─── DATA FOR REVIEW

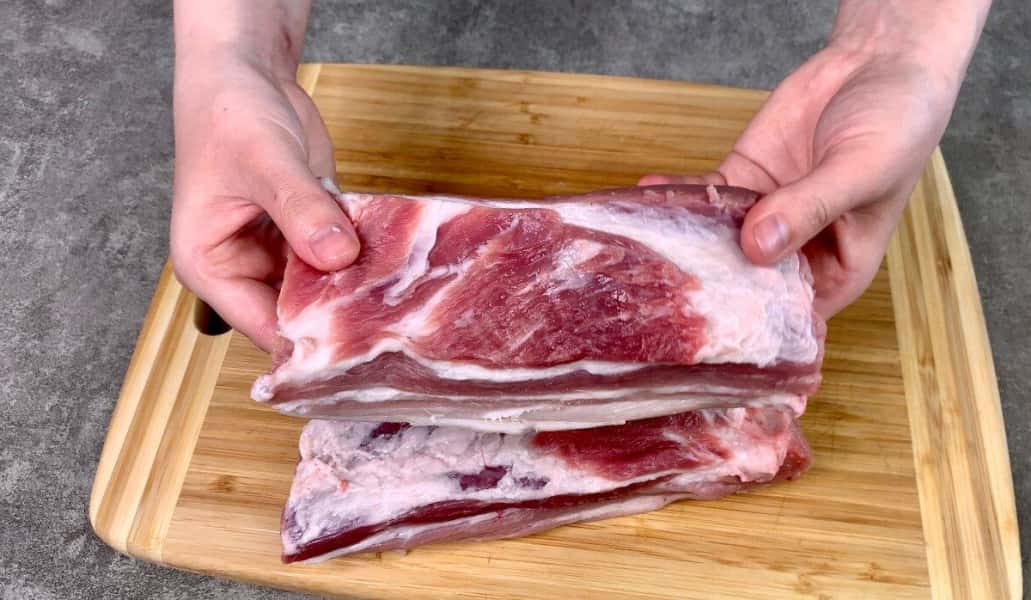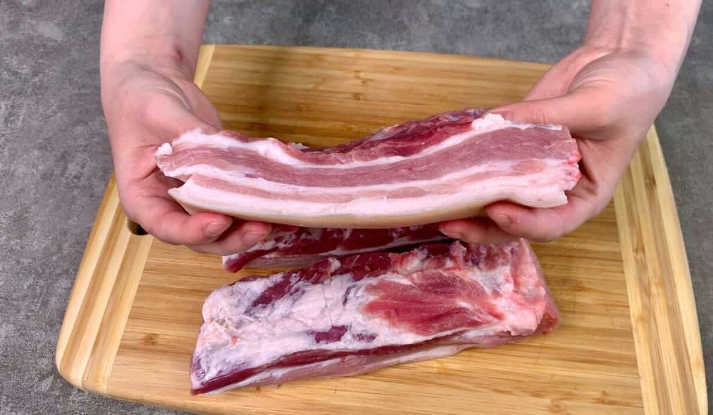 1. Пласт грудинки нарізаємо на зручні шматки, щоб всі їх можна було укласти в одну ємність для маринування.
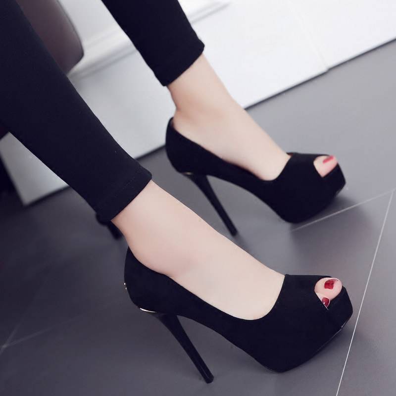 2018春季新款防水台鱼嘴细跟高跟鞋OL工作鞋女式夏季绒面单鞋女鞋
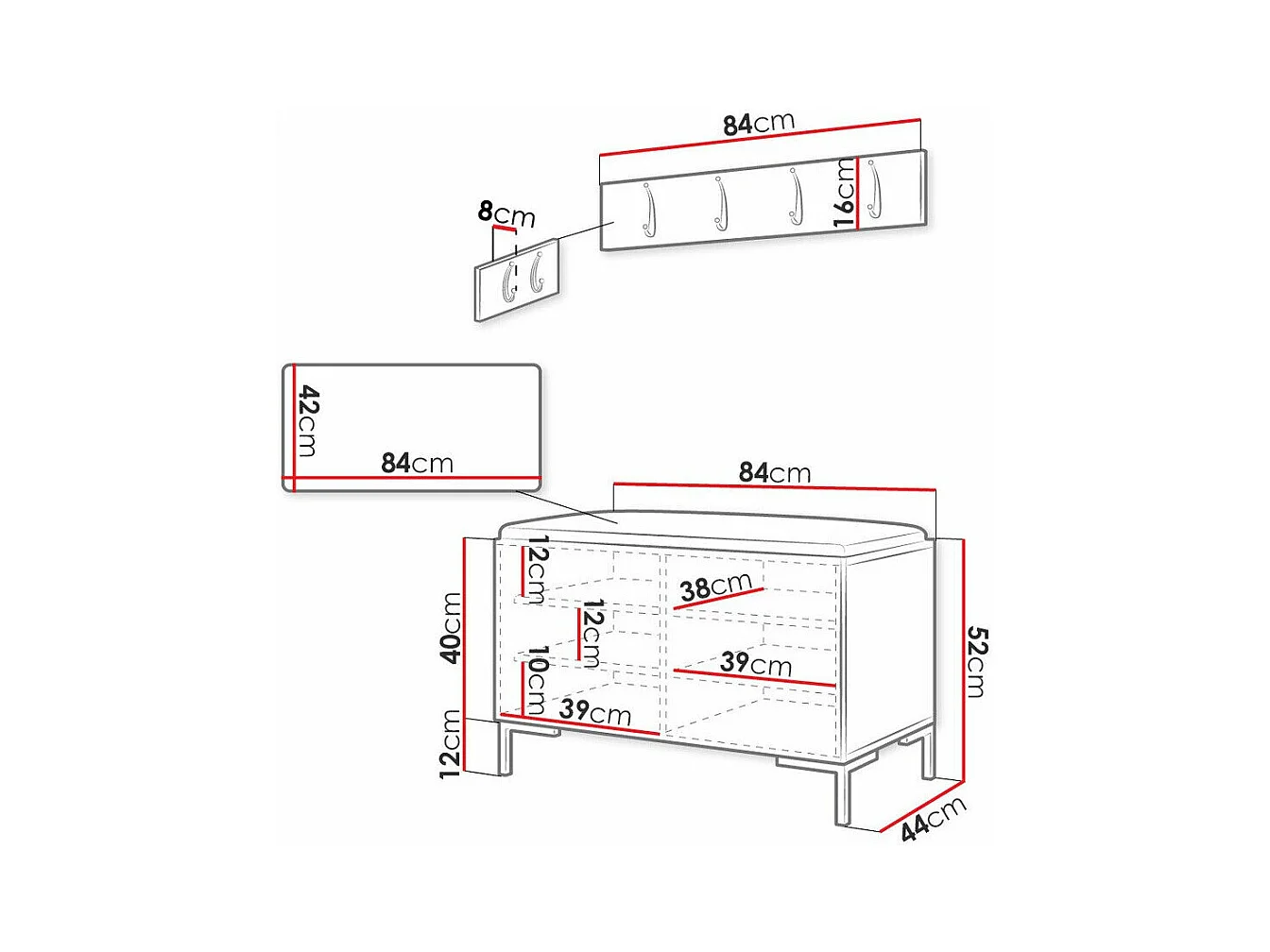 Set mobili da ingresso Hartford 267, 186x84x46cm, Bianco, Truciolare laminato|Eco pelle
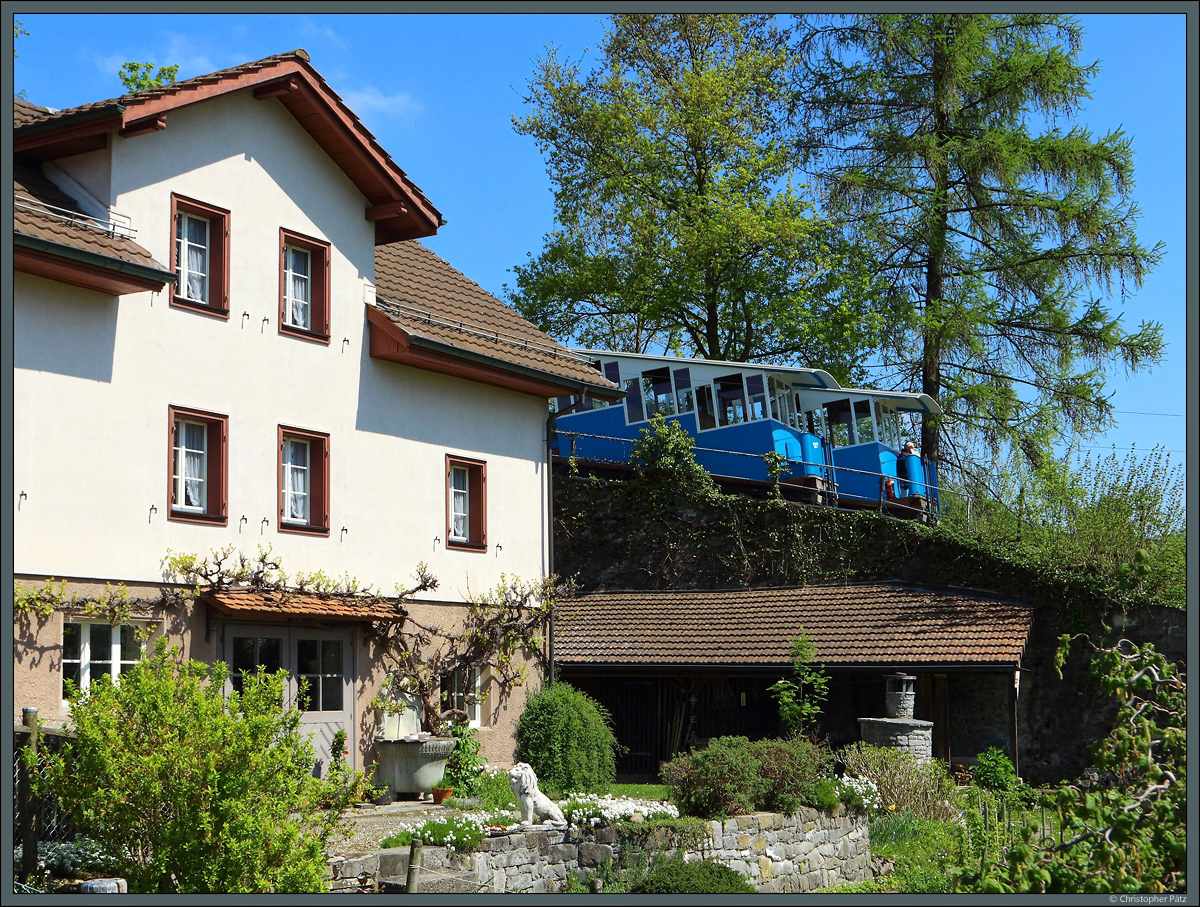 In der Mitte der Strecke, direkt neben einem gepflegten Anwesen, begegnen sich die beiden blauen Wagen der Sonnenbergbahn. (28.04.2022) Christopher Pätz
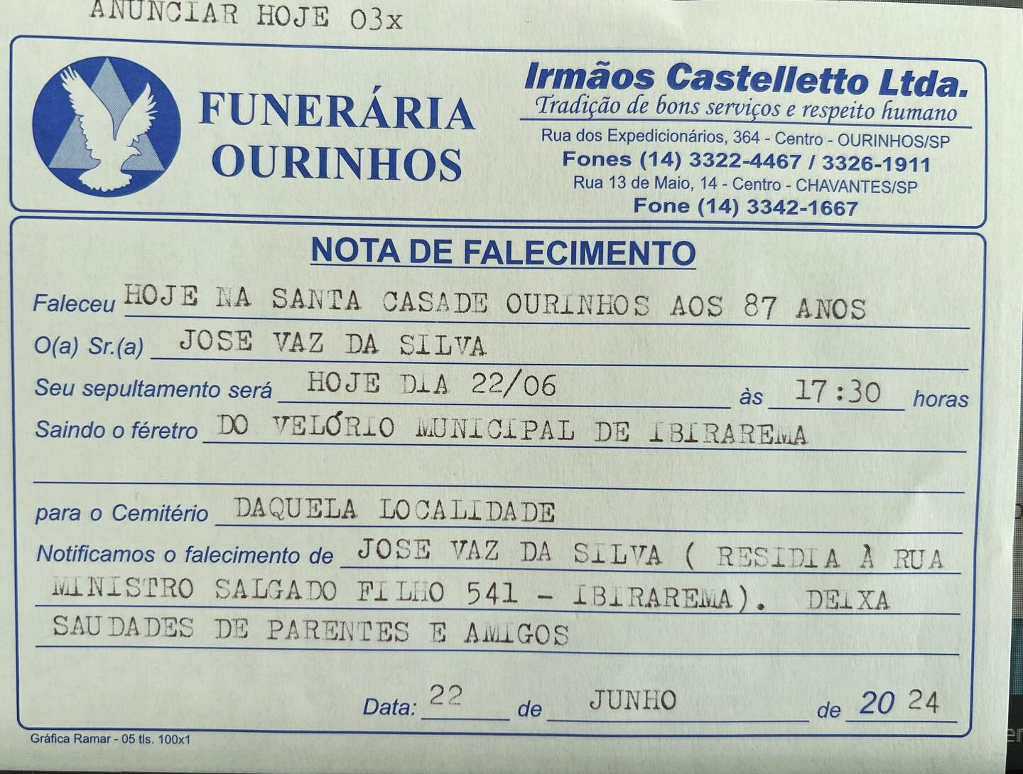 A Funerária Ourinhos informa o falecimento de José Vaz da Silva, aos 87 anos. O velório no Velório Municipal de Ibirarema. O sepultamento ocorrerá hoje, dia 22, às 17h30, no Cemitério Municipal de Ibirarema.
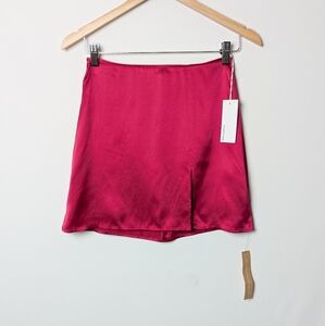 NWT REFORMATION Robbie 100% Silk Skirt Rhubarb Pink Slit 0
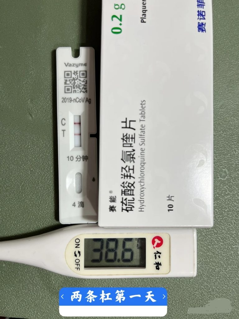 坐标北京,昨天有一些嗓子不舒服,不发热测抗原一直正常。今天10号白天嗓子不舒服,下午录了两个小时视频,嗓子不舒服加重。录完视频回家的路上,感觉脚踝、膝盖、屁股、腰部酸痛,此时有预感可能阳了。所以进家第一件事做抗原,不出意料两道杠。此时发热感不明显(也许是因为基础病原因经常发烧,因此比较不敏感),吃完饭过了一个小时开始感觉发热。于是开始洗漱,找药,准备饮用水,然后做做消杀工作到卧室量体温。

──────

◆ EXERCISE AIM ◆
Please output all of the entries above exactly, but without any picture.

◆ REPLY ◆
 1. Пласт грудинки нарізаємо на зручні шматки, щоб всі їх можна було укласти в одну ємність для маринування.
 2018春季新款防水台鱼嘴细跟高跟鞋OL工作鞋女式夏季绒面单鞋女鞋
 Set mobili da ingresso Hartford 267, 186x84x46cm, Bianco, Truciolare laminato|Eco pelle
 In der Mitte der Strecke, direkt neben einem gepflegten Anwesen, begegnen sich die beiden blauen Wagen der Sonnenbergbahn. (28.04.2022) Christopher Pätz
 A Funerária Ourinhos informa o falecimento de José Vaz da Silva, aos 87 anos. O velório no Velório Municipal de Ibirarema. O sepultamento ocorrerá hoje, dia 22, às 17h30, no Cemitério Municipal de Ibirarema.
 NWT REFORMATION Robbie 100% Silk Skirt Rhubarb Pink Slit 0
 坐标北京,昨天有一些嗓子不舒服,不发热测抗原一直正常。今天10号白天嗓子不舒服,下午录了两个小时视频,嗓子不舒服加重。录完视频回家的路上,感觉脚踝、膝盖、屁股、腰部酸痛,此时有预感可能阳了。所以进家第一件事做抗原,不出意料两道杠。此时发热感不明显(也许是因为基础病原因经常发烧,因此比较不敏感),吃完饭过了一个小时开始感觉发热。于是开始洗漱,找药,准备饮用水,然后做做消杀工作到卧室量体温。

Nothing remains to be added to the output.